• WHAT YOU NEED TO DO
Using the entries that follow, transcribe only the lines from the line with "图表:半导体产业链、以及制程节点和应用" to the line with "Többfunkciós 250 grammos", both included, exactly as they stand and without pictures.

• THE DATA
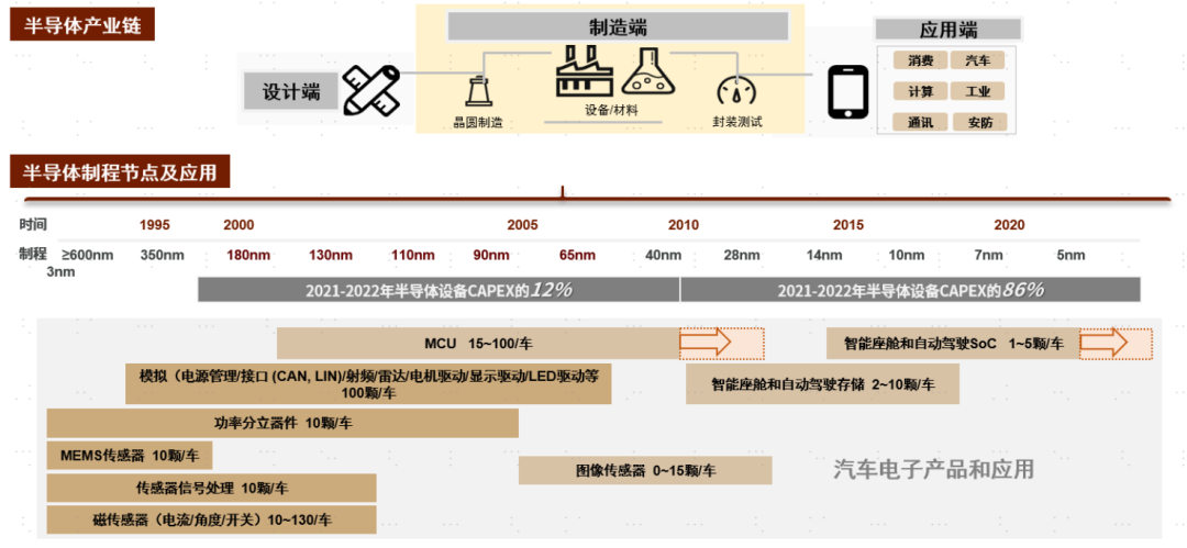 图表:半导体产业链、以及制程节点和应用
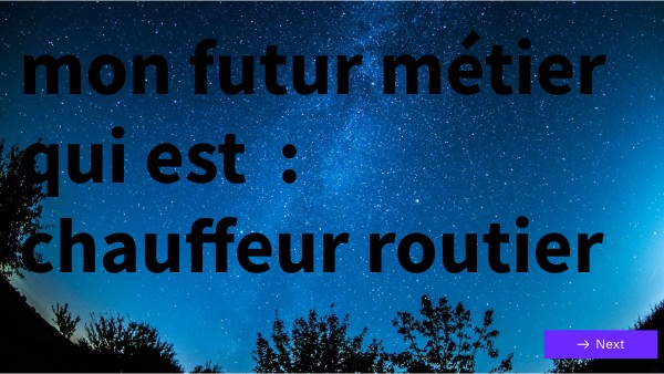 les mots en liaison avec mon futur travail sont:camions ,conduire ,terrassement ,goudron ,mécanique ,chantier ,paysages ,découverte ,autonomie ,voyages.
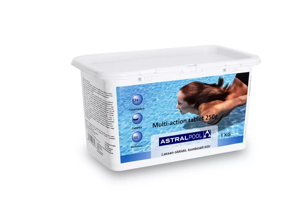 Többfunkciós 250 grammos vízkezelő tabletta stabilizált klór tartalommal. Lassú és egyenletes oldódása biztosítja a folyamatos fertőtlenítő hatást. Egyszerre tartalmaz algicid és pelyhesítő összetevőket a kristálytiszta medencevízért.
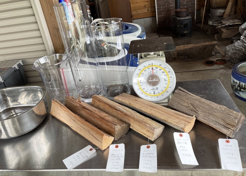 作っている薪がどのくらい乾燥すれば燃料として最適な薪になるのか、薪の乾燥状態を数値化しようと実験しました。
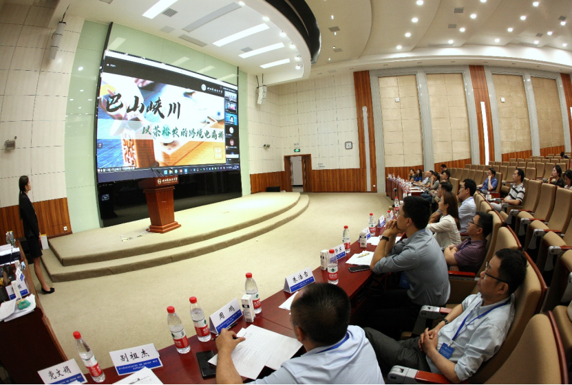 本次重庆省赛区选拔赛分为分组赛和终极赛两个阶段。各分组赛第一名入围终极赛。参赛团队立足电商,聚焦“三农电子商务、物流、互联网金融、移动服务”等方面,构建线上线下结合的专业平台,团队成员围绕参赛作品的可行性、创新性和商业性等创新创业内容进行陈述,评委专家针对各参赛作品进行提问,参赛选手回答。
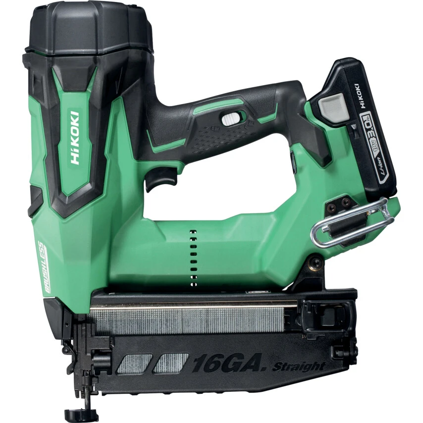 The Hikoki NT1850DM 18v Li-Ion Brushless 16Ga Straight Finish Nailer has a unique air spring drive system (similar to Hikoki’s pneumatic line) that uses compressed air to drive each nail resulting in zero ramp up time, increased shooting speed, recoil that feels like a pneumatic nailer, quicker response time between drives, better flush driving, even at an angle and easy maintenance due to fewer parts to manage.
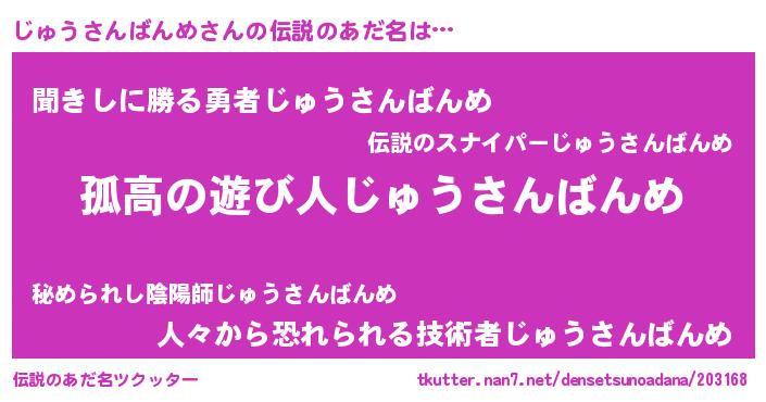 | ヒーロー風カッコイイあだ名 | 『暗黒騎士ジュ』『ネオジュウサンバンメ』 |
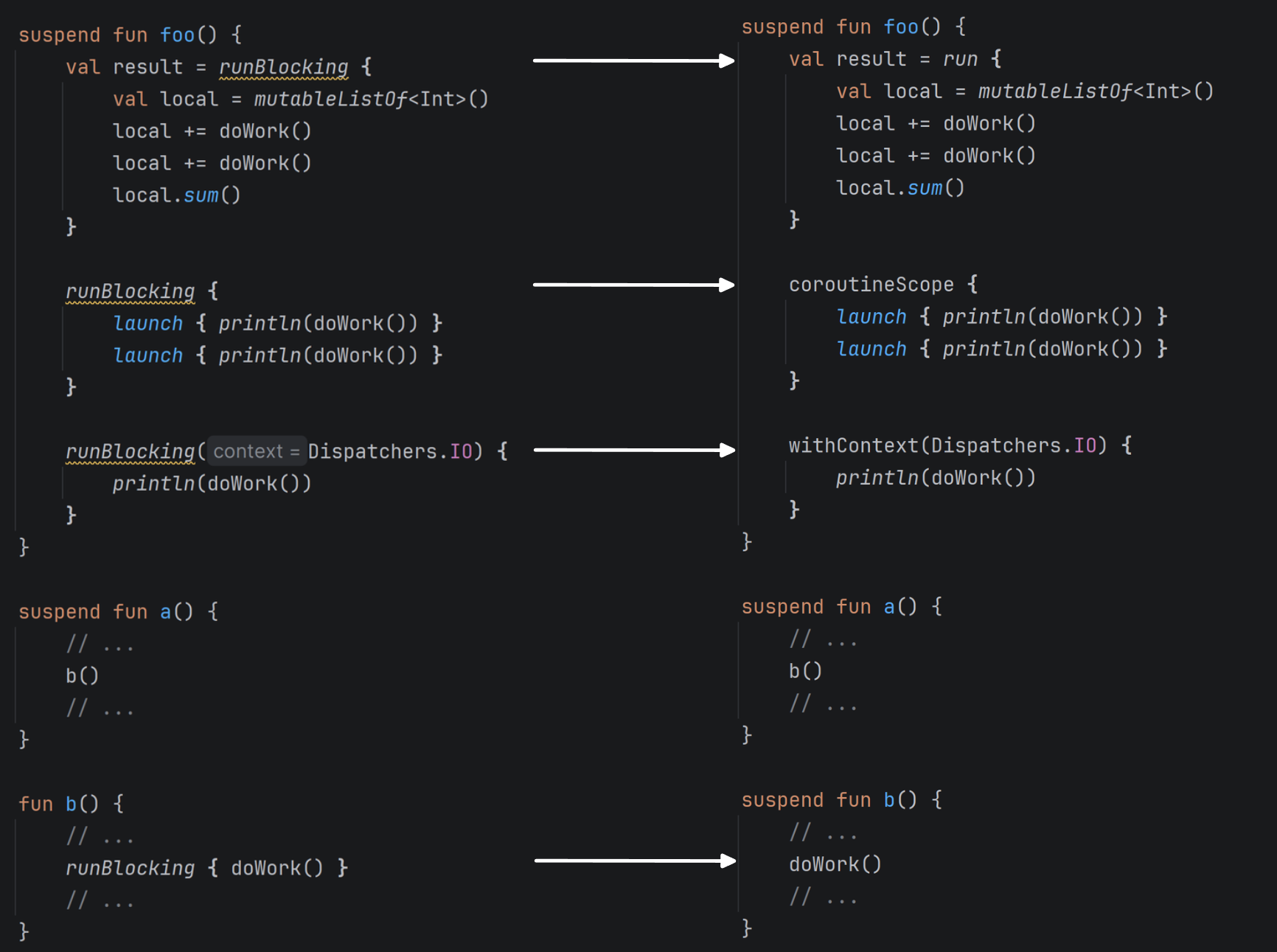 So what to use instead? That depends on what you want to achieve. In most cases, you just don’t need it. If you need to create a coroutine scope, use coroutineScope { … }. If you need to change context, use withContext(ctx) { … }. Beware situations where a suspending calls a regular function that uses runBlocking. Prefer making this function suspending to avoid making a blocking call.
* * *
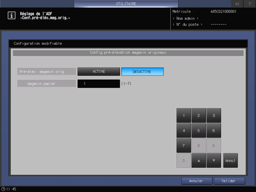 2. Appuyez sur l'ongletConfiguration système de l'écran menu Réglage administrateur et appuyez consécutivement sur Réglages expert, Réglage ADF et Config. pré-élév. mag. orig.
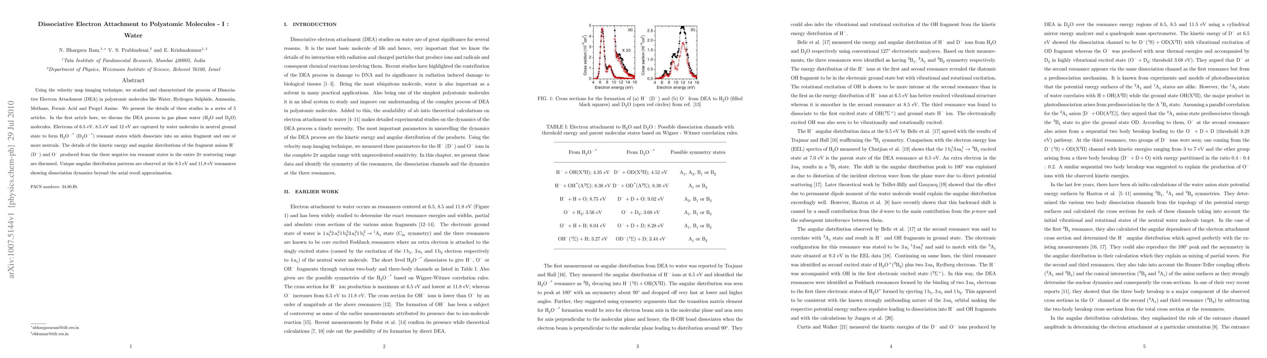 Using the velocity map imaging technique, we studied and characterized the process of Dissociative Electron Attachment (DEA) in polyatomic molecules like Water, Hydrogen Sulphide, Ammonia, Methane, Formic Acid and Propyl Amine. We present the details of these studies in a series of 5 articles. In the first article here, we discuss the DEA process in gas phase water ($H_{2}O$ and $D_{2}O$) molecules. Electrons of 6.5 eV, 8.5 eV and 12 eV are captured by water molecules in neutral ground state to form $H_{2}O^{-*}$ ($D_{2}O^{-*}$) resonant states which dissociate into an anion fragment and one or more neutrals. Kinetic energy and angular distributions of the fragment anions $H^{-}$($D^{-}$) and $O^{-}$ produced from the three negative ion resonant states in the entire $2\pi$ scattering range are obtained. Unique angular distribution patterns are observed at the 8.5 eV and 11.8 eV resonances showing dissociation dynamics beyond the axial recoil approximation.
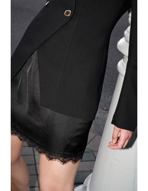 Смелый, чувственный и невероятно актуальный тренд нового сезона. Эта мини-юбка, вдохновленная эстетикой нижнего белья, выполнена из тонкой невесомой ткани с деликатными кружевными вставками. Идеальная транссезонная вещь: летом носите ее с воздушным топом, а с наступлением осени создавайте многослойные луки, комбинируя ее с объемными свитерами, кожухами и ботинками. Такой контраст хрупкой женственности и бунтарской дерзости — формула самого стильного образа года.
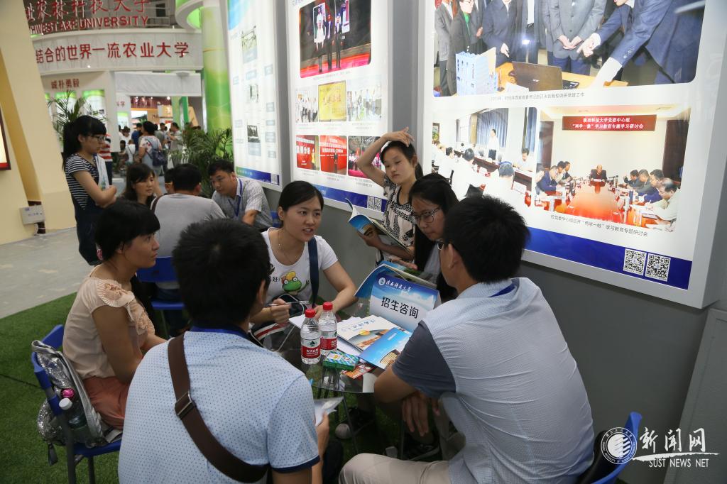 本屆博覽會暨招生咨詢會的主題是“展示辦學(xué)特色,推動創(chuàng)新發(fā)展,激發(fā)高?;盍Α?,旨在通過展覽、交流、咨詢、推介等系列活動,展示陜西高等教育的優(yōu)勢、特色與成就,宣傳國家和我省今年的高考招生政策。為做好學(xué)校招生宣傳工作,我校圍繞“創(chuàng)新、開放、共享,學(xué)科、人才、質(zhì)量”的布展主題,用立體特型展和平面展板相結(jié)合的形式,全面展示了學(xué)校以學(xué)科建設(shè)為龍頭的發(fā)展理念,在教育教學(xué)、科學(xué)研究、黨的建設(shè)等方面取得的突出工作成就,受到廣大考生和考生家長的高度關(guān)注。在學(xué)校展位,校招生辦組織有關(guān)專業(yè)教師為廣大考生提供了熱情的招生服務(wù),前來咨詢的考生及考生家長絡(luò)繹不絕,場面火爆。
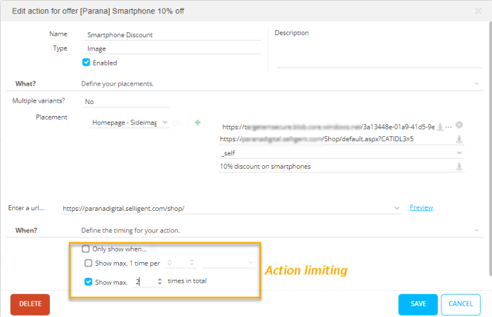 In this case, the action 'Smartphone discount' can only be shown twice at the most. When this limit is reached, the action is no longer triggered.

• WRITTEN ANSWER
 图表:半导体产业链、以及制程节点和应用
 les mots en liaison avec mon futur travail sont:camions ,conduire ,terrassement ,goudron ,mécanique ,chantier ,paysages ,découverte ,autonomie ,voyages.
 Többfunkciós 250 grammos vízkezelő tabletta stabilizált klór tartalommal. Lassú és egyenletes oldódása biztosítja a folyamatos fertőtlenítő hatást. Egyszerre tartalmaz algicid és pelyhesítő összetevőket a kristálytiszta medencevízért.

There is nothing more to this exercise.